His lips moved into a half smile. “We’re not through yet, Meredith Seaton,” he murmured. “Not by half.”
Chapter 5
BROWN EYES. Blue eyes. Morgana’s had been as blue as the midsummer sky.
Quinn had been immediately intrigued with Lady Morgana Stafford, and not a little flattered when the lady seemed to prefer his attention to that of the heir and only son of the Earl of Sethwyck. Quinn had been in London two months after touring the continent and was using the last of his funds to rent a townhouse in the most fashionable part of London.
He was in no hurry to go home to America. The bank awaited him in New Orleans, and the bank was duty and responsibility. He was not ready to lock himself in a cubicle and parcel out loans to people who had no need of them. If they had, they would not get them, he thought cynically. Instead loans went to the rich to make them richer and were denied to the poor who needed them to get ahead. He sneered at the hypocrisy of it, but was not ready to take it upon himself to change it. At the moment, his only concern was milking every moment of this freedom, exacting every second of pleasure.
And pleasure lay in the rooms of Lady Morgana.
She was spectacularly beautiful: ash-blond hair flowing to her waist, large clear blue eyes, skin the color of rich ivory, and wide full lips that knew every trick to bedevil a man. He was a most willing pupil.
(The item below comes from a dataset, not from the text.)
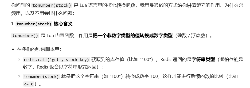 if(tonumber(redis.call('get', stockKey)) <= 0) then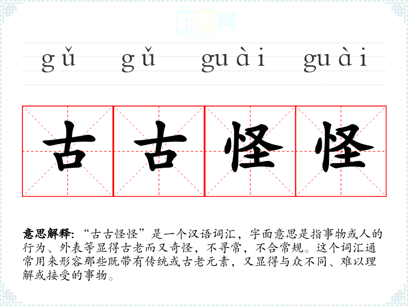 “古古怪怪”是一个汉语词汇,字面意思是指事物或人的行为、外表等显得古老而又奇怪,不寻常,不合常规。这个词汇通常用来形容那些既带有传统或古老元素,又显得与众不同、难以理解或接受的事物。

He had been warned. His friends told him she was private property, that she belonged to young George Dunn, only son of Sethwyck, that she was only using him to make Dunn jealous and force him into a proposal. But Quinn was in love by then, madly, crazily, blindly in love, especially when he experienced the joys of her bed.
Until the night Dunn burst in on them with several of his friends. The young lord had slapped Morgana, and Quinn had gone after him, beating him badly. Dunn demanded satisfaction, and Quinn’s pride and anger made him accept.
The duel took place in a field outside London. As the challenged party, Quinn had the choice of weapons and he selected pistols.
It was dawn, a pretty day for late in the year in London. A pink and persimmon glow lit the sky, and the birds sang happy songs…until the shots rang out. Quinn was nicked by a premature shot. The next shot was his. He aimed to the right of Dunn, but just as he pulled the trigger, George Dunn sought to avoid the bullet and moved straight into its path.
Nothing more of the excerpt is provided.